Treasury IG Audit Finds IRS Field Collection Could Work Cases With Better Collection Potential

The Internal Revenue Service’s (IRS) field workload selection process is not designed to ensure that cases with the highest collection potential are identified, selected, and assigned to be worked, according to a new report publicly released today by the Treasury Inspector General for Tax Administration (TIGTA).

In Fiscal Year 2013, the IRS collected over $3 billion dollars from delinquent taxpayers, but wrote off as much as $16 billion in taxes owed as not collectible.

"The IRS has a large inventory of taxpayer delinquent accounts, but limited resources to collect the unpaid taxes," said J. Russell George, Treasury Inspector General for Tax Administration. "By making better use of its limited collection resources and working these cases strategically, the IRS could successfully collect more taxes and further shrink the Tax Gap."

While the field collects billions of dollars from delinquent taxpayers, resources have declined and many balance-due modules have been closed as currently not collectible. TIGTA performed this audit to determine whether the IRS’s workload identification, selection, and assignment practices ensure that the cases with the greatest collection potential are worked in the field.

In Fiscal Year 2013, 40 percent of the taxpayer delinquent accounts closed by the field were written off as currently not collectible.
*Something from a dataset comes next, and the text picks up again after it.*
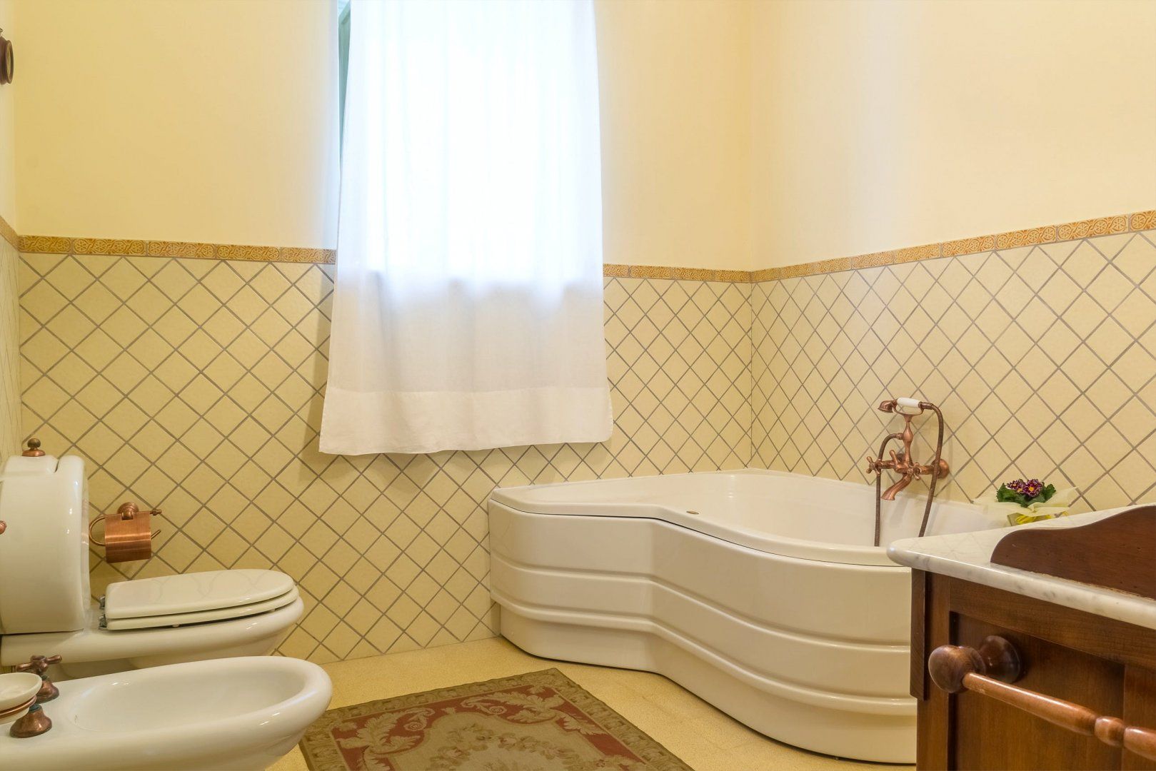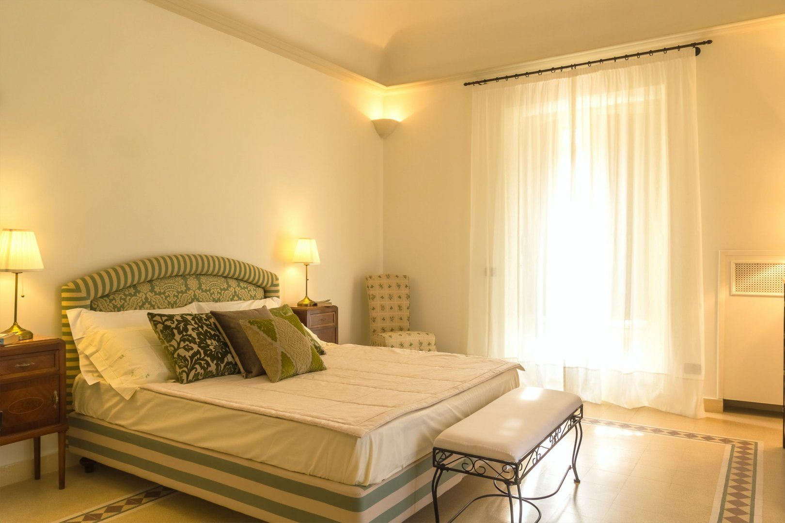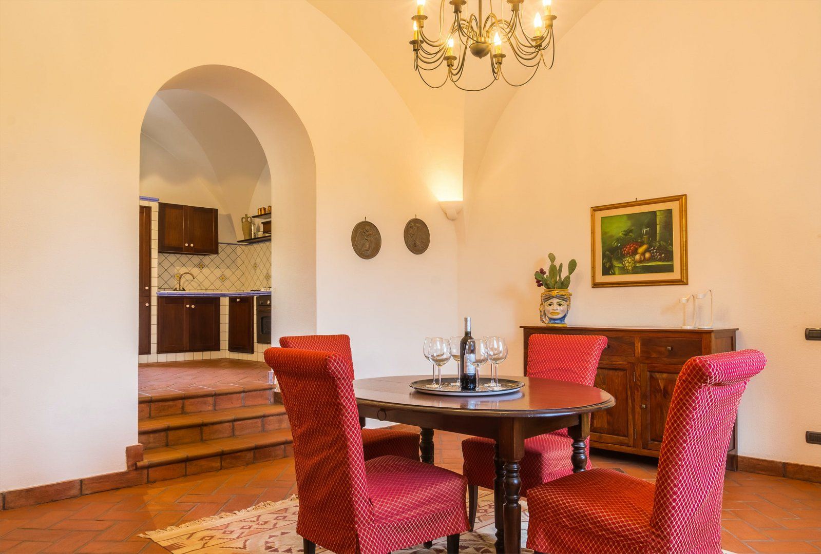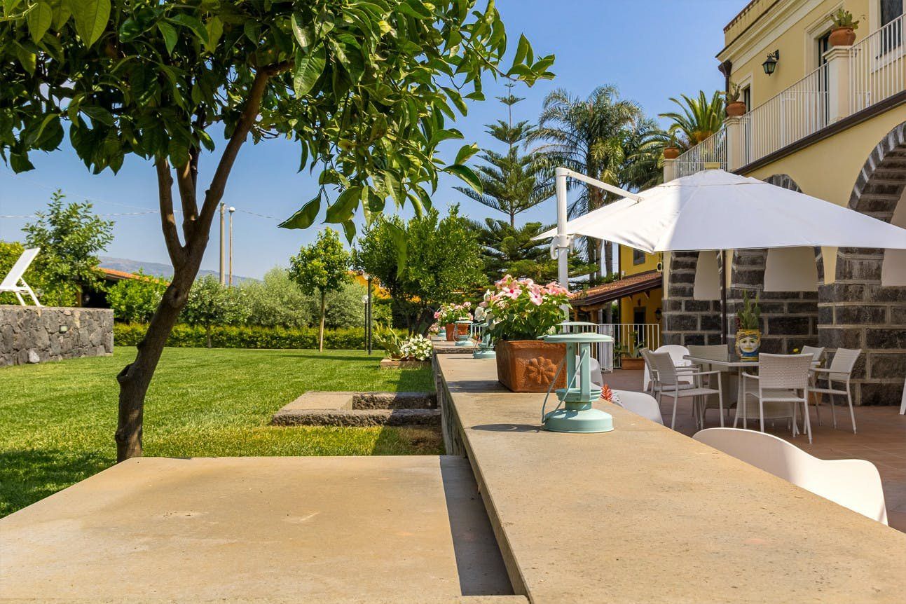 Situated on the slopes of Mount Etna and with stunning views of the volcano and sea, this home is all about the location for us. The traditional interior gives a nod to its 19th-century roots and because of its design, the lower level lacks a bit of natural light. In contrast, sunlight streams into the upstairs space. The generous garden and pool area is sure to be a hit with younger ones, with space to run around while the grown-ups top up their tan. Locally, Mount Etna is just thirty minutes away, so pop it near the top of your must-visit list.

There are several contributing factors limiting the effectiveness of the IRS’s collection efforts:

  • The IRS does not measure productivity or establish specific goals to evaluate case selection criteria.
  • Information systems do not track case source data, so management cannot fully assess the effectiveness of field case selection criteria.
  • Case selection criteria do not consider the age of associated delinquencies, so many assigned cases include older delinquencies that will not likely be collected.
  • Case selection criteria do not consider the financial condition (such as income) of the delinquent taxpayers, so many of the assigned cases involve taxpayers with no ability to make payments.
  • Case selection criteria do not consider unsuccessful prior attempts to contact or locate the taxpayers.

Management has begun some initiatives intended to improve the workload selection process. While these initiatives could provide benefits, TIGTA believes that further action is warranted.


TIGTA recommended that the IRS: 1) reexamine the field case selection criteria and strategy, 2) ensure that field personnel are aware of the new strategy, 3) establish a method to measure the effectiveness of the field case selection criteria, and 4) conduct a study of the cases routed to the Automated Collection System to determine whether there are certain types of cases that should instead be routed directly to the queue or the field.


In their response to the report, IRS officials generally agreed with TIGTA’s recommendations. The IRS plans to incorporate their corrective actions as part of a new concept of operations in the creation of a single Collection organization as part of a realignment of IRS compliance programs. Improving case selection criteria will need to be a key component of its new concept of operations to address the intent of TIGTA’s recommendation.